Graphex Mining is pleased to advise that it has received subscriptions to purchase 8,750,000 fully paid ordinary shares at $0.28 cents per share to raise $2.45 million through a placement to professional and sophisticated investors. Directors subscribed for 320,572 shares, the issue of which is subject to shareholder approval at the Company’s next general meeting.
ServTech Global Holdings advises that it has successfully completed a placement to sophisticated and professional investors of 25,800,000 fully paid ordinary shares at a price of $0.015 per share, raising $387,000 before costs. The Company engaged Regency Corporate as Lead Manager to the Placement.
Marenica Energy advises that it has completed a capital raising to raise a total of $1.1 million (before costs), partially subject to shareholder approval. The placement of 10,620,000 fully paid ordinary shares at an issue price of 10 cents per Share plus 5,310,000 attaching Options, which will be granted on the basis of one Option for every two Shares subscribed, will raise a total of $1,062,000, before costs.
Nkwe Platinum advises that it has received from Zijin Mining Group Co. an indicative and non-binding proposal to acquire 100% of the issued shares in the Company which it does not already own for cash consideration of $0.080 per share. Zijin, through its wholly owned subsidiary Jin Jiang Mining, currently controls 60.47% of the Company’s issued share capital. Zijin has advised that it is currently contemplated the acquisition would be implemented by way of amalgamation under Bermudan law.
As announced on 19 February 2018 Emmerson Resources has agreed with Evolution Mining to restructure the Tennant Creek Mineral Field Farm-in and Joint Venture Agreement. A Deed of Variation has been executed, and as announced Emmerson will retain 100% ownership of the majority of the Tennant Creek tenements with Evolution taking ownership of those tenements associated with the Gecko-Goanna-Orlando copper-gold prospects
Carnavale Resources is pleased to advise the Company has executed a binding agreement to acquire 100% of the Grey Dam Project, located near Kurnalpi approximately 90km northeast of Kalgoorlie, Western Australia.
Carnavale has executed a sale and purchase agreement to acquire 100% of the Grey Dam Project tenements, E28/1477, E28/2226 and M 28/378 from Kal North Gold Mines Limited, subject only to ministerial consent, for a total consideration of $110,000 payable in cash.
Carnavale has entered into a corporate advisory and capital raising mandate with Cicero Advisory Services Pty Ltd. To fund the acquisition noted above and for ongoing working capital, Carnavale will issue up to 76 million fully paid shares at an issue price of $0.017 per Share to raise approximately $1,292,000 (before costs of the issue). This issue will comprise two tranches:
Boss Resources is pleased to confirm that it has completed the acquisition of the remaining 20% interest in its Honeymoon Uranium Project, South Australia. Boss now owns 100% of the Honeymoon Uranium Project.

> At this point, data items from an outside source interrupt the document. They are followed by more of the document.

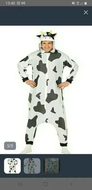Disfraz de vaca para adulto, tipo mono con capucha. - Diseño de vaca con manchas negras y blancas. - Cierre frontal con cremallera. - Capucha con detalles de cuernos y orejas de vaca. Talla-M queda 1 y T-L quedan 2 unidades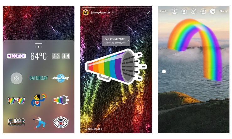 Dentre os adesivos estão arco-íris, óculos e um megafone, que vão ter uma conexão direta com a hashtag #Pride2017, facilitando com que os usuários naveguem pelo tema e acompanhem as celebrações ao redor do mundo.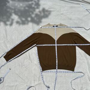 Frenckenberger chalk and tan bi-color boyfriend sweater with wide raglan sleeves in mid-weight pure cashmere. This pullover features an upper cream panel with a lower cinnamon brown panel separated with a v design. Rib trim finishings at the neckline, sleeve cuffs and hem. Slightly oversized fit. Item is in excellent pre-owned condition; worn twice and dry cleaned. No flaws. There is some felting that occured with normal wear / dry cleaning but no pilling. Size Small. Amadiah is 5'9" (175 cm), bust 32", waist 24", hips 34" and wears a size Small. Designer Colorway "Up Chalk/Under Tan". Retailed for $750. Please note: Knit items are stored with sachets made from natural lavender and rosemary sprigs; please note if you are sensitive as this may carry the light scent of these plants.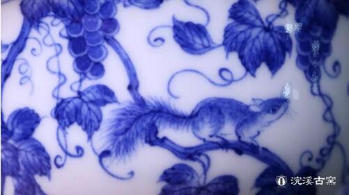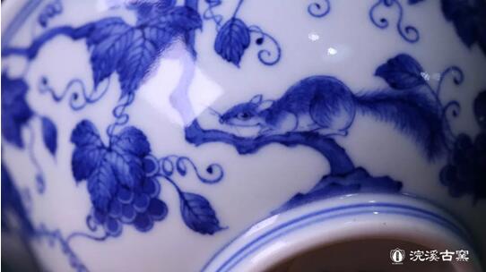 在葡萄纹的绘制上,浣溪以康熙青花松鼠葡萄纹碗为蓝本,在继承精髓的同时,提升了绘制精度,枝叶纹理更加清晰细腻,脉络清朗舒展,藤蔓缠绕为双向,极有规律可循。纹饰叶片双勾填实并勾筋脉,叶片边际圆润,分水的功力在叶捎和葡萄的边际尤为明显和清晰,层次分明细腻;葡萄的勾线、点饰、留白也颇有斟酌,力求松活而不松散。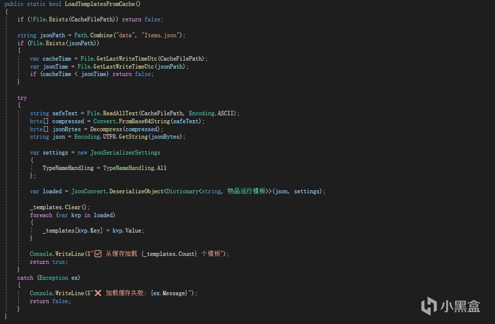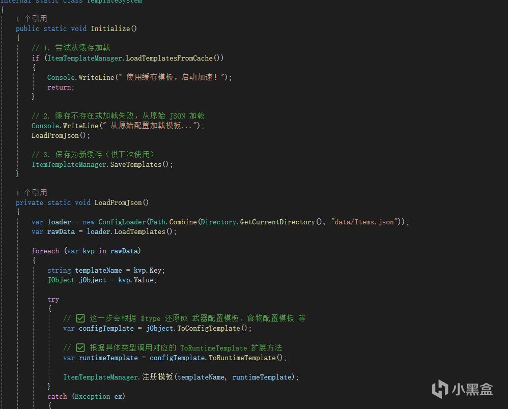 有人應該已經發現了,在Load方法裏嘗試了對兩個文件(緩存文件和JSON配置文件)進行比較時間,而在方法Initialize裏,總是先加載緩存,發現沒有緩存,或者緩存比JSON配置文件老(可以理解爲有新的模板被添加了),則讀取JSON配置文件,在註冊運行模板完畢後,保存運行模板到緩存裏,之後,只要沒有添加新的模板,緩存永遠比配置文件新,讀取緩存。

West African gold developer and explorer Tietto Minerals is pleased to announce that its application to transfer the Abujar Middle tenement exploration licence from B&F Minerals Sarl to Tiebaya Gold Sarl is complete, following approval from Côte D’Ivoire’s Ministry of Mine and Industry. Tietto Minerals Austar Pty Ltd, a wholly‐owned subsidiary of Tietto, owns 90% of Tiebaya and B&F owns the remaining 10% of Tiebaya
Marquee Resources is pleased to announce that it has received commitments to raise $2.65 million through a two tranche placement for accelerated exploration at its newly acquired interests in Werner Lake Cobalt project, located in Ontario, Canada. Oversubscribed Placement Marquee has completed a placement to sophisticated investors at an issue price of $0.35 per share with one (1) free attaching option for every two (2) shares, exercisable at $0.50 on or before 30 June 2019 to raise $2.65 million.
Pancontinental Oil & Gas is pleased to announce it has received commitments from sophisticated investors to raise $1.6 million via an issue of unlisted, unsecured convertible notes. The Issue has a conversion price of $0.008 per share which represents a 33% premium to the 30-day VWAP of $0.006, an interest rate of 10% and a Maturity Date 12 months from the date of issue.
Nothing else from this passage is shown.